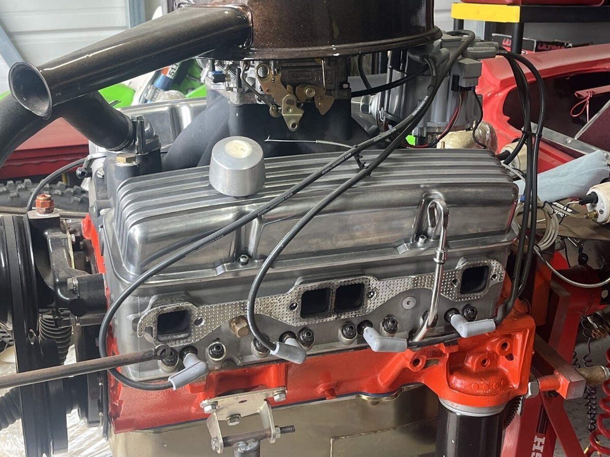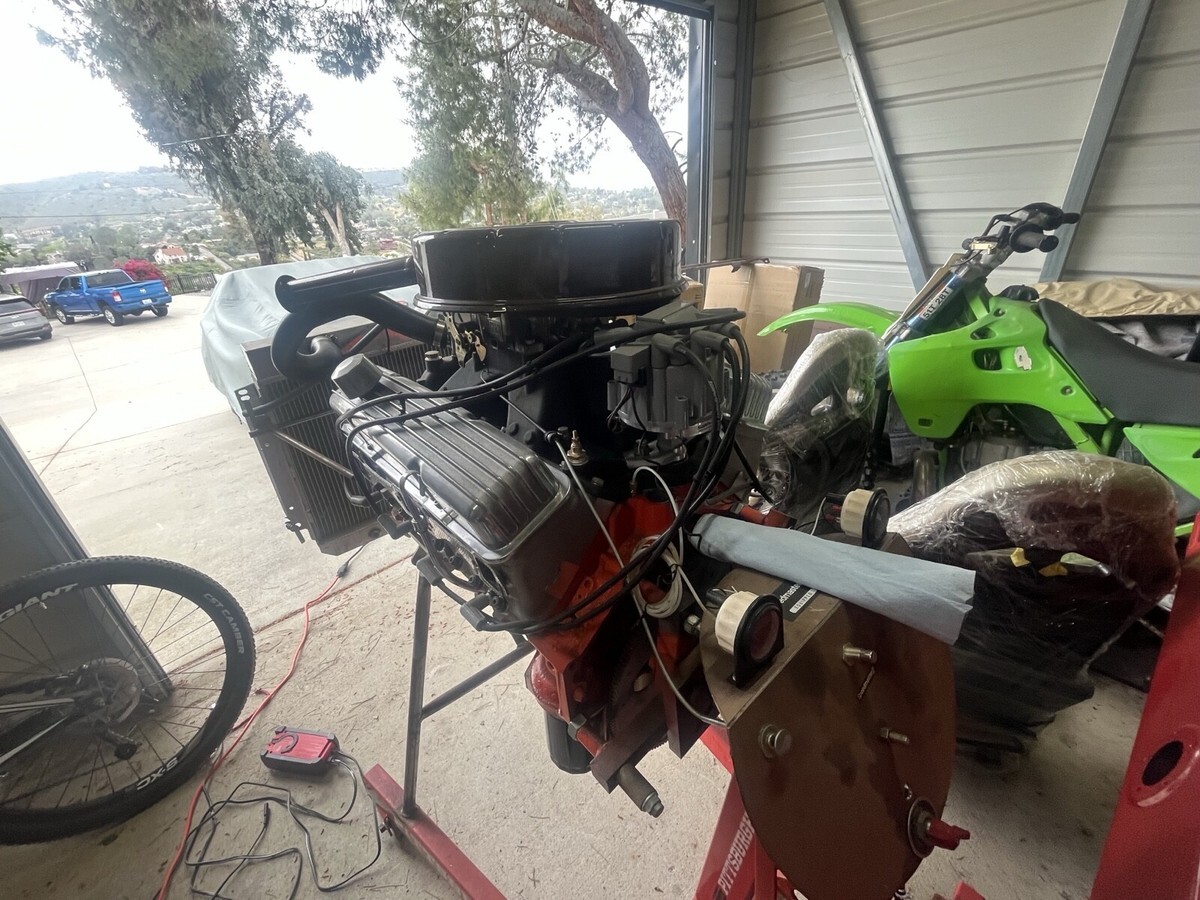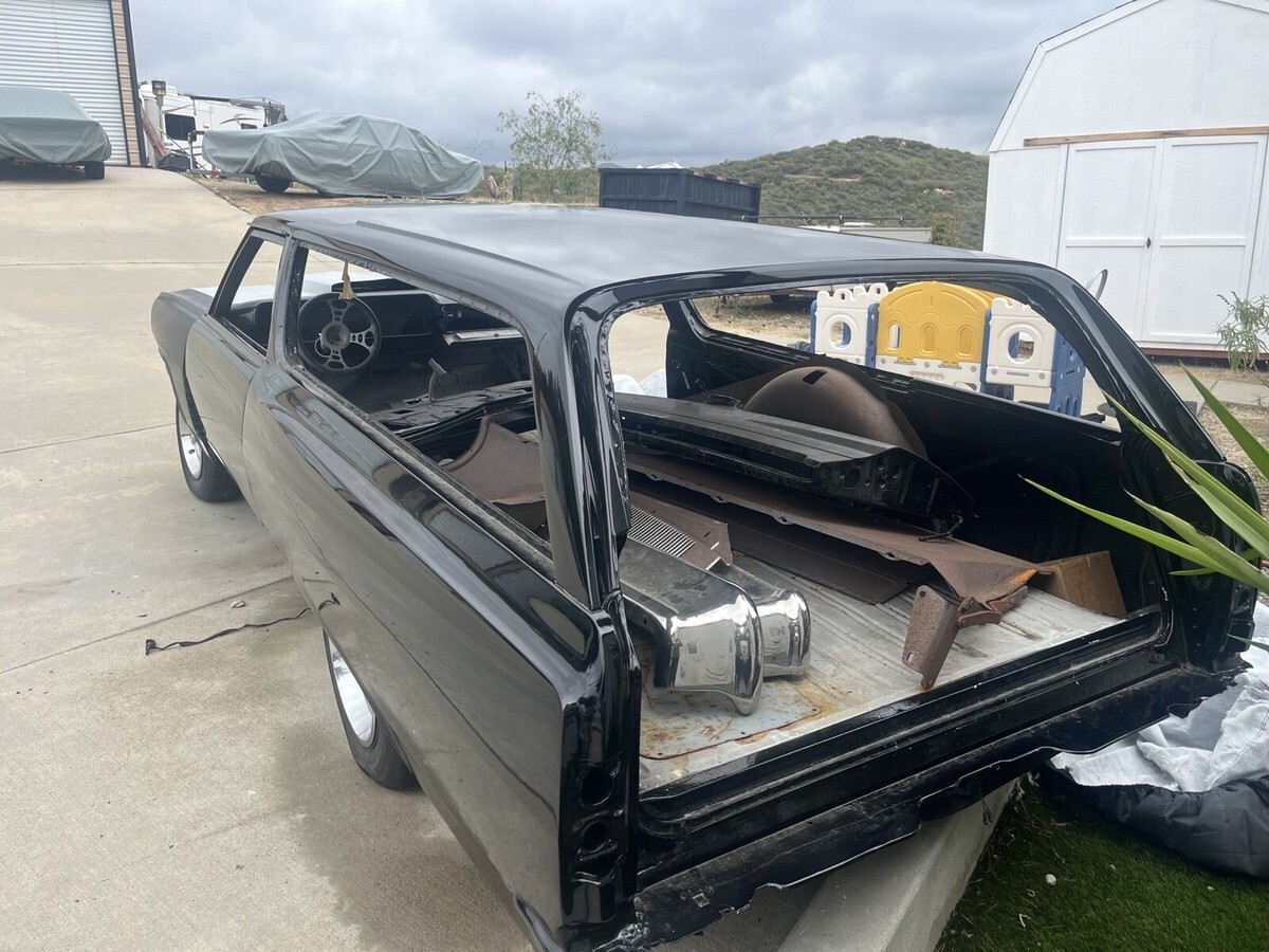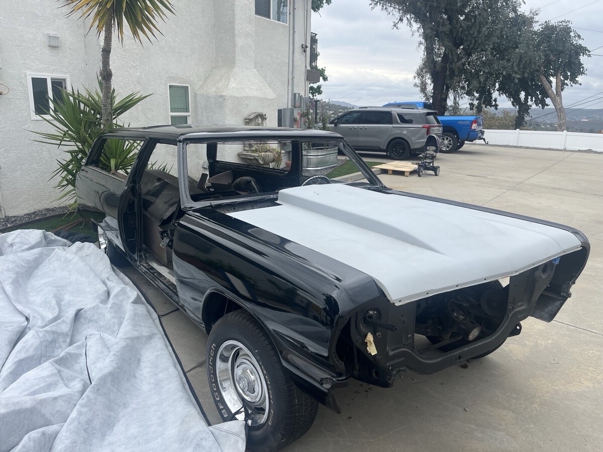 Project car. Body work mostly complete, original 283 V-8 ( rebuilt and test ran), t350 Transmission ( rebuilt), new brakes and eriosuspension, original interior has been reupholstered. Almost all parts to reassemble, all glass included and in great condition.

----------

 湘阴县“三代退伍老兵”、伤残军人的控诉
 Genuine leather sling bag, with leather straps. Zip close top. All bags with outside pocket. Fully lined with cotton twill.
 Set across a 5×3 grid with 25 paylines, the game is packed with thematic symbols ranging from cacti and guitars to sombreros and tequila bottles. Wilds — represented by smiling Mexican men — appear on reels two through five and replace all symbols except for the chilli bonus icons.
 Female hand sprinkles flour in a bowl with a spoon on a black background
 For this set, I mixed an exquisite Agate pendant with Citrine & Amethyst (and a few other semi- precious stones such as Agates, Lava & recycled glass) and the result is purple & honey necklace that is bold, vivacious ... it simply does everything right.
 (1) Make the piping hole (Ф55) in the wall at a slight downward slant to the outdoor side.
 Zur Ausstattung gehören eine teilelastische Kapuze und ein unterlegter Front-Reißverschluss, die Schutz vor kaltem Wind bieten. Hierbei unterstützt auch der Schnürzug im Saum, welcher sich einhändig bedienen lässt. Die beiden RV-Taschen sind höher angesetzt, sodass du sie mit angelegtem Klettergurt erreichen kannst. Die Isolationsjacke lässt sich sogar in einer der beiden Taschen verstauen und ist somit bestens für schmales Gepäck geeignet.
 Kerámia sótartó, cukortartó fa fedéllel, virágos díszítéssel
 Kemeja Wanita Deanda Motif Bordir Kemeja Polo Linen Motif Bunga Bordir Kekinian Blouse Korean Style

----------

* **Exercise description**: Would you retype exactly the lines above, from the line with "Kerámia sótartó, cukortartó" to the line with "Kemeja Wanita Deanda", with both end lines kept and nothing more?

* **Exercise output**:
 Kerámia sótartó, cukortartó fa fedéllel, virágos díszítéssel
 Kemeja Wanita Deanda Motif Bordir Kemeja Polo Linen Motif Bunga Bordir Kekinian Blouse Korean Style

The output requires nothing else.